To further validate their findings, the team examined specimens from human ovarian tumor resections and saw that the patients’ cancer cells also produced IL-4. Moreover, analysis of single-cell RNA sequencing data from patient tumors—which examines how genes are expressed in cells—revealed that the macrophages displayed a strong IL-4 signature, suggesting that IL-4 is playing a similar role in human ovarian cancer and may be one of the reasons patients have not benefited from immunotherapy.

“Ovarian cancer has almost been written off as non-responsive to existing immunotherapy, so it was quite stunning to us that by just blocking this one molecule, IL-4, and altering the tumor’s microenvironment, we could make these difficult-to-treat tumors more treatable,” added Brown. “This is further evidence that targeting the tumor’s neighborhood, not just the cancer cells, can be beneficial.”

While these findings are encouraging, the investigators stress that clinical trials are essential to determine whether targeting IL-4 can enhance patient outcomes.

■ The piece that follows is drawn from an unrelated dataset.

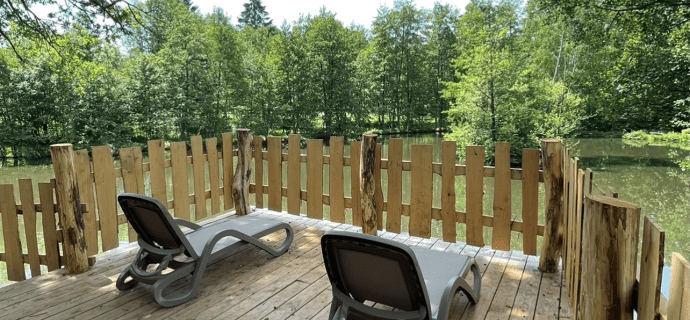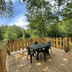Vermietung von Chalets, Mobilheimen, ungewöhnlichen Unterkünften. Angelteich, beheiztes Schwimmbad mit Planschbecken, Bach, Spielplatz, Snack/Bar und viele andere Dienstleistungen, die Sie vor Ort entdecken können.

Given that dupilumab is already FDA-approved for asthma and eczema, there is potential for swift clinical testing alongside immunotherapy to enhance survival in ovarian cancer patients. Thomas Marron, MD, PhD, director of the Early Phase Trial Unit at Mount Sinai and a colleague of Brown and Baccarini, has already been running a clinical study to test whether dupilumab can improve anti-PD-1 immunotherapy in patients with lung cancer, and several patients have shown beneficial responses. “Our studies, implicating IL-4 as a mechanism of anti-PD1 resistance and the synergistic therapeutic benefit of anti-PD-1 and anti-IL-4R, suggest OvCa may also be a good candidate for combined PD1 and IL4R blockade,” the team noted in their paper.

The IL-4 pathway is already targeted for diseases like eczema, so the researchers are hopeful it can help them now target ovarian cancer. The findings may lead to new strategies and therapeutics for a cancer that is difficult to diagnose early.